AC_ARG_WITH([system-cafile],
            AS_HELP_STRING([--with-system-cafile],
                           [Location of the default system CA certificate file for old (<3.0.20) GnuTLS versions]))

# We will use GnuTLS if it's requested, and if GnuTLS doesn't have DTLS
# support then we'll *also* use OpenSSL for that, but it appears *only*
# only in the openconnect executable and not the library (hence shouldn't
# be a problem for GPL'd programs using libopenconnect).
#
# If built with --with-gnutls --without-openssl then we'll even eschew
# OpenSSL for DTLS support and will build without any DTLS support at all
# if GnuTLS cannot manage.
#
# The default (for now) is to use OpenSSL for everything.

AC_ARG_WITH([gnutls],
        AS_HELP_STRING([--with-gnutls], 
                       [Use GnuTLS instead of OpenSSL (EXPERIMENTAL)]))
AC_ARG_WITH([openssl],
            AS_HELP_STRING([--with-openssl],
                           [Location of OpenSSL build dir]))
ssl_library=

if test "$with_gnutls" = "yes"; then
    PKG_CHECK_MODULES(GNUTLS, gnutls)
    if ! $PKG_CONFIG --atleast-version=2.12.16 gnutls; then
       AC_MSG_ERROR([Your GnuTLS is too old.
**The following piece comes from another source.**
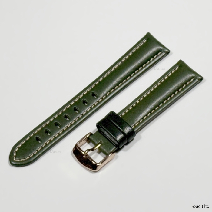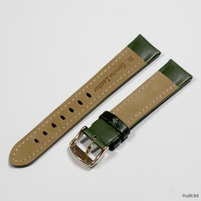 ラグ幅 18mm コードバン 本革 レザーベルト グリーン ローズ ゴールド 尾錠 時計用バンド 腕時計ベルト LB101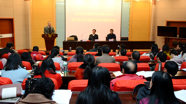 為提高我校教師國家社科基金項(xiàng)目和教育部人文社科項(xiàng)目的申報(bào)質(zhì)量和水平,12月5日,應(yīng)我??萍继幯?,中央黨校科研部陳玉侖教授來到我校,為教師作了題為《如何規(guī)范申報(bào)國家社科基金項(xiàng)目與教育部人文社科項(xiàng)目》的專題報(bào)告并受聘為我校兼職教授。副校長劉寶盈主持了報(bào)告會(huì)和聘任儀式,副校長劉勇為陳玉侖教授頒發(fā)聘書。馬克思主義學(xué)院、人文學(xué)院、經(jīng)管學(xué)院、藝術(shù)學(xué)院、體育教學(xué)部、健康學(xué)院、建工學(xué)院相關(guān)專業(yè)教師100余人聽取了報(bào)告。

At least v2.12.16 is required])
    fi
    oldlibs="$LIBS"
    LIBS="$LIBS $GNUTLS_LIBS"
    AC_CHECK_FUNC(gnutls_dtls_set_data_mtu,
                 [AC_DEFINE(HAVE_GNUTLS_DTLS_SET_DATA_MTU, 1)], [])
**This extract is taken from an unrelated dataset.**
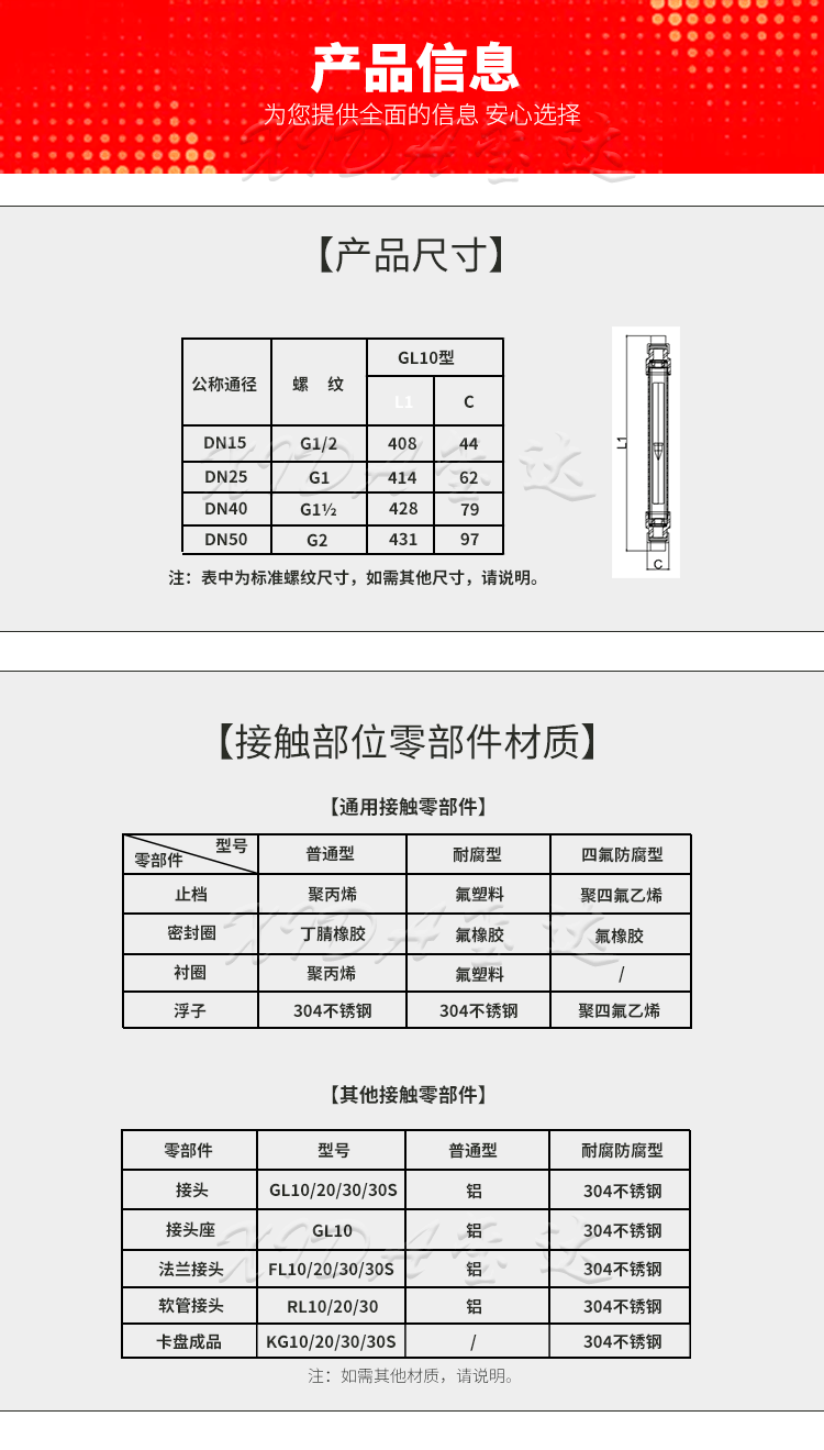 ①接受定制定做:其他螺纹尺寸(NPT,G或外螺纹等)

    AC_CHECK_FUNC(gnutls_certificate_set_x509_system_trust,
                 [AC_DEFINE(HAVE_GNUTLS_CERTIFICATE_SET_X509_SYSTEM_TRUST, 1)], [])
    if test "$ac_cv_func_gnutls_certificate_set_x509_system_trust" != "yes"; then
        # We will need to tell GnuTLS the path to the system CA file.
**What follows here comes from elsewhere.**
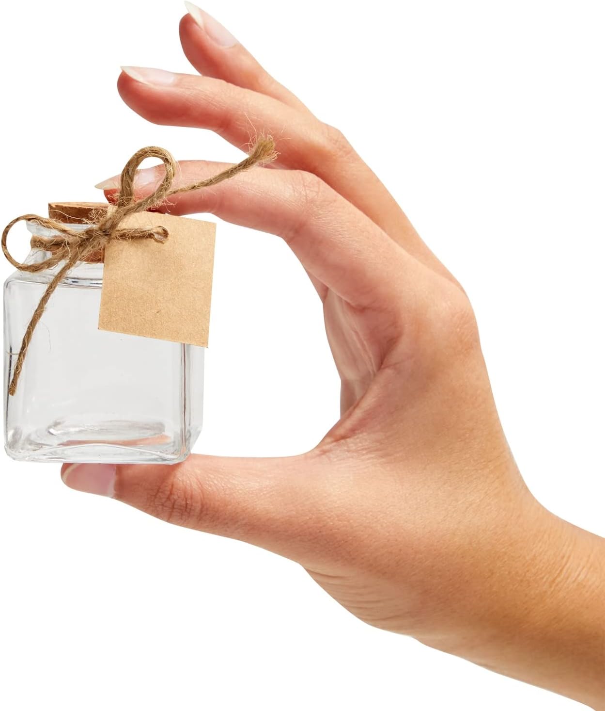 BLUE PANDA 15 Pack Small Glass Bottles with Cork Stoppers - Mini Jars with Cork Lids, Twine, and Blank Tags for Crafting & Spices - Small Bottles 1.7 Oz (50ml)

        if test "$with_system_cafile" = "yes" || test "$with_system_cafile" = ""; then
            unset with_system_cafile
            AC_MSG_CHECKING([For location of system CA trust file])
            for file in /etc/ssl/certs/ca-certificates.crt \
                        /etc/pki/tls/cert.pem \
                        /usr/local/share/certs/ca-root-nss.crt \
                        /etc/ssl/cert.pem; do
                if grep 'BEGIN CERTIFICATE-----' $file >/dev/null 2>&1; then
                    with_system_cafile=${file}
                    break
                fi
            done
            AC_MSG_RESULT([${with_system_cafile-NOT FOUND}])
        elif test "$with_system_cafile" = "no"; then
            AC_MSG_ERROR([You cannot disable the system CA certificate file.])
        fi
        if test "$with_system_cafile" = ""; then
            AC_MSG_ERROR([Unable to find a standard system CA certificate file.]
    [Your GnuTLS requires a path to a CA certificate store. This is a file]
    [which contains a list of the Certificate Authorities which are trusted.]
    [Most distributions ship with this file in a standard location, but none]
    [the known standard locations exist on your system. You should provide a]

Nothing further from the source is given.